In his October 21 contribution to NR's online edition, neo-con
David Frum says Congress should impose a federal sales tax
to alter U.S. eating habits. The target of his social engineering
tax is "calorific" soft drinks. He says the Feds
should tax soft drinks for the purpose of reducing Americans'
obesity. He got the idea from a recent visit to his native
Canada where he noticed that Canadians seem to be slimmer
than their fat southern neighbors. "What accounts for
this difference?" he wondered. He decided the difference
must be the size of "food portions." Because of
higher taxes, says Frum, Canadian food vendors offer "smaller
sizes in order to hold prices down." And that, he figures,
is why in Canada, "It is an [sic] unusual to see an adult
who is more than 10 or 15 pounds overweight, exceedingly rare
to see one who is more than 50 pounds, and freakish to see
an! overweight child." Frum argues that "conservatives
who favor (as almost all conservatives do favor) Medicare
and Medicaid need to ask themselves whether their easy libertarian
attitudes to the worst practices of the fast food industry
retains its [sic] relevance. Big Gulp drinks and super-sized
fries are making America sick - and you are paying the bill."
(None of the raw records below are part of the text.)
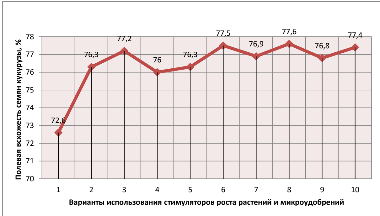
Рисунок 1. Полевая всхожесть семян кукурузы в зависимости от применения регуляторов роста растений и микроудобрений в среднем за 2013-2015 гг., %.

В среднем за три года исследований была отмечена тенденция к росту полевой всхожести семян в вариантах его инкрустации Вымпел-К на 3,4-5,0% по сравнению с контролем (без инкрустации) (рис. 1). Появление дружных всходов в оптимальные сроки дает возможность растениям при высоких температурах в мае сформировать полноценный первый и последующие листья, что немаловажно на старте роста и развития растения кукурузы, особенно в засушливых условиях Степи.
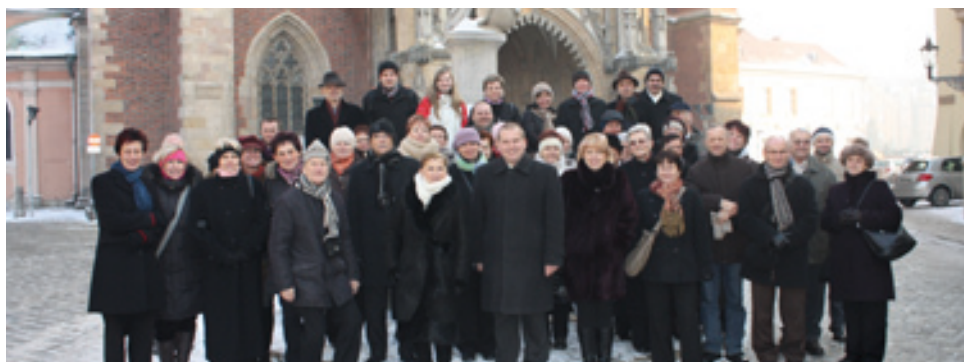
Wizyta delegacji we Wrocławiu

W dniu 08.12.2012 r. w naszej gminie gościła delegacja z czeskich Koberžic. Przyjazd gości z Czech nastąpił w ramach umowy o współpracy między Gminą Koberżyce a miejscowością Koberžice. Organizatorem wizyty był Urząd Gminy Koberżyce.
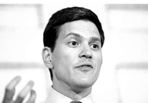
英國一間博彩公司將文禮彬列為接替白高敦的大熱門

英國一間博彩公司將文禮彬列為接替白高敦的大熱門，其次是現任衛生大臣莊翰生，之後是司法大臣兼大法官施仲宏。
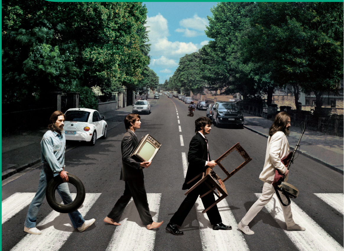
edizione aprile 2017 stampato su carta ecologica - design: Koan multimedia
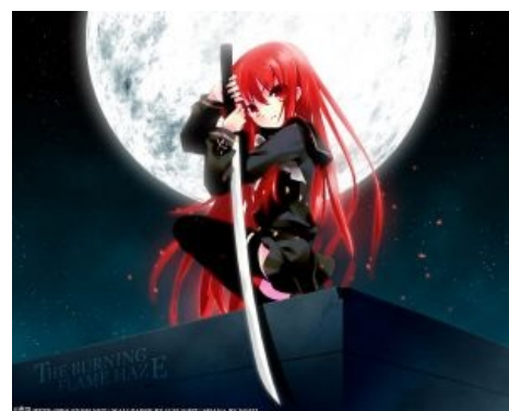
Кавайная лоли с катаной

Независимо от дальнейшего развития и общего качества сюжета аниме, в 93,635% случаев завязка будет выбрана из нижеследующих розовых мечтаний любого гика .
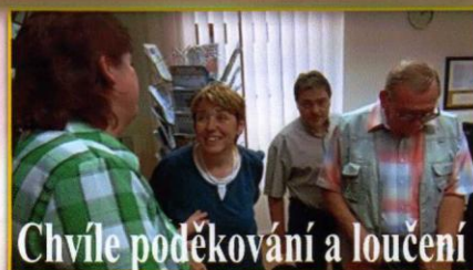
Chvilce poděkování a loučení
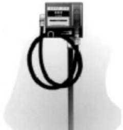
Installation sur colonne
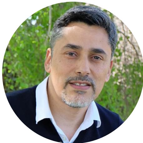
Agence d'Attractivité CAP SUD 66 – Perpignan Méditerranée
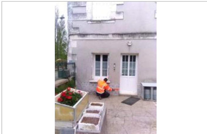
Vue du site en 2024, avec le repère de la crue de fin mars 2024
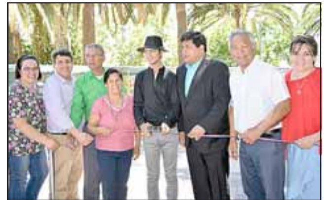
EXPO MUJER 2017. - Las autoridades comunales, provinciales y regionales hicieron el tradicional Corte de Cinta de esta Expo Mujer 2017.
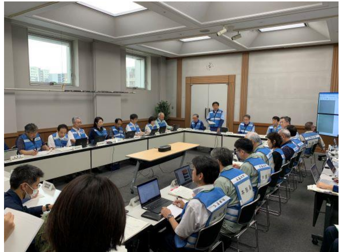
（写真 土砂災害現場と災害対策本部会議（7月10日）の様子）
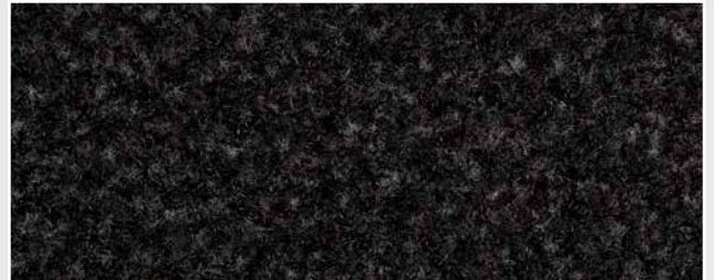
Texwell SUPER R9 anthrazit
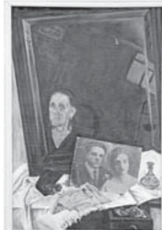
А.Б. Колкутин. «9 Мая»

В МУЗЕЕ ИЗОБРАЗИТЕЛЬНЫХ ИСКУССТВ Г. НАЛЬЧИКА ОТКРЫЛАСЬ ВЫСТАВКА, ПОСВЯЩЕННАЯ ВЕЛИКОЙ ПОБЕДЕ.
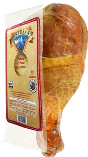
Pierna de pavo ahumada. Presentación: Paquete (1 pieza). Clave: MT5103.*
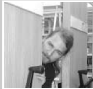
Hier findest du mich nie, Diplomthema
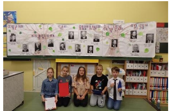
Třída 3. A zpracovala informaci o všech našich prezidentech

That's what passes for conservatism at National Review - the
view that it is the proper business of the federal government
to manipulate food prices through taxes to influence eating
habits; that those eating habits are properly the focus of
federal attention; and that raising the price of soft drinks
will lower the body weight of consumers. Frum's logic is the
logic of the soft-headed Left and the total state: Because
the government pays for our healthcare, the government is
entitled to regulate individual behavior to contain those
healthcare costs.
Contrary to Frum's assertion, Medicare was stiffly opposed
by American conservatives when it was proposed by the liberal
Kennedy-Johnson administration in the 1960's. Barry Goldwater,
the American Medical Association, the National Association
of Manufacturers, and a host of right-of-center groups and
politicians sought to defeat it. One of Medicare's early incarnations
was defeated by a 49-44 Senate vote in 1964 after a protracted
battle. Sen. Goldwater, the GOP's presidential nominee, made
a special trip to Washington, D.C. from Arizona just to cast
his "no" vote. Arrayed in favor of Medicare were
the usual left-wing suspects, such as the AFL-CIO, the National
Council of Churches and noted left-wingers like Dr. Benjamin
Spock, Abraham Ribicoff, and liberal Republicans Gov. Nelson
Rockefeller and Sen. Jacob Javits. (Today, although Medicare
provides valuable health services to seniors, it is one of
the government's most heavi! ly abused programs, losing $23
billion to $30 billion a year through waste, fraud and abuse,
according to the inspector general of Health and Human Services.)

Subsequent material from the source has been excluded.